When i say choice necessarily involves some level of benefit to oneself, i mean this:

Take the example of someone dying to save someone else. Let's say, for arguments sake, soldier A who takes a bullet (and dies) for soldier B on the battlefield back in WW1.

Ask yourself, WHY did they die to save them? If A just happened to be in the way of the bullet, then A didn't choose to save B. So A must have done something positive and had some control over whether or not (s)he would save B.

Let's just assume that A's choices were absolute here to make things more clear (just forget about random chance for a minute..). A could either:
(1) Save B and die;
or
(2) Not save B and not die

Now for A to consciously choose (1), there must be a reason. If there is no reason - for eg A didn't think before doing it - then we don't really have a proper choice.

Now if you say that A died because (s)he wanted to save B, that is a valid reason. But there is still the question of why: WHY did A decide (choose) that (1) was preferable to (2). I would argue it this way: IF (1) is preferable to (2), it must be the case that A derives some level of utility/benefit from (1) that exceeds the utility/benefit from (2). That utility/benefit might come in the form of a warm fuzzy feeling that A feels they are acting for the benefit of their fellow soldier. But it is still utility/benefit nonetheless. Thus A is not in the end making a choice solely 'for the benefit' of B, (s)he is making a choice for her/himself.

If this isn't the case, ie that A does NOT derive greater utility/benefit from (1) than (2), then we don't have a choice, we have a mistake. A is not making an informed decision. If A would really feel much better being alive, but somehow embarks on course of action (1), i don't think you can call that choice.

Don't know if that makes much sense but it's about as clear as i can make it..

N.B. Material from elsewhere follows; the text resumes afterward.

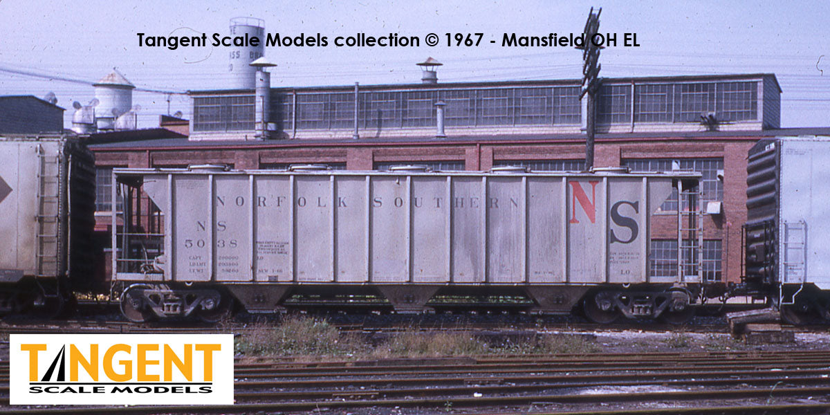 – Norfolk Southern (“Original” NS) “Delivery Gray 1-1966” illustrates the NS order for 100 PS-2 2929cf covered hoppers, delivered in the railroad’s classy Norfolk Southern stenciling, including the large and eye-catching red-painted “N”.  The models feature a see-through Morton-style running board with its distinctive side uni-wing flange, evenly-spaced round roof hatches, body-mounted brake gear and gravity outlet gates.  The B-end of the car features all of the brake details and piping of the prototype, including a gorgeous Ajax brake stand, modern brake wheel, Morton-style brake step, high-mounted retainer valve, wire piping details and a finely executed air release rod poking through the bottom sill on each side of the carbody.  Metal corner stirrup steps and flexible rubber air hoses on each end of the car provide durability.  The model rides on 100-ton Barber S-2 trucks with Timken rotating bearing caps.  We are pleased to offer these classy Norfolk Southern cars from January 1966.  Also, this is the first time Tangent has released a railcar in original Norfolk Southern paint!

And please don't take any of this the wrong way - i'm not trying be offensive or to say my ideas are better than anyone elses. I find this sort of debate interesting.. and I'm just trying to explain how i think and how i see things. And at the same time trying to understand how other ppl see things (differently) too.

kAgE said...

hmmmmm, i kinda disagree about this benefit thing.......a choice is a choice, whether u benefit from it or not..... choosing to not go out, choosing to eat at a later time, choosing this choosing that, it's not about benefits for yourself all the time.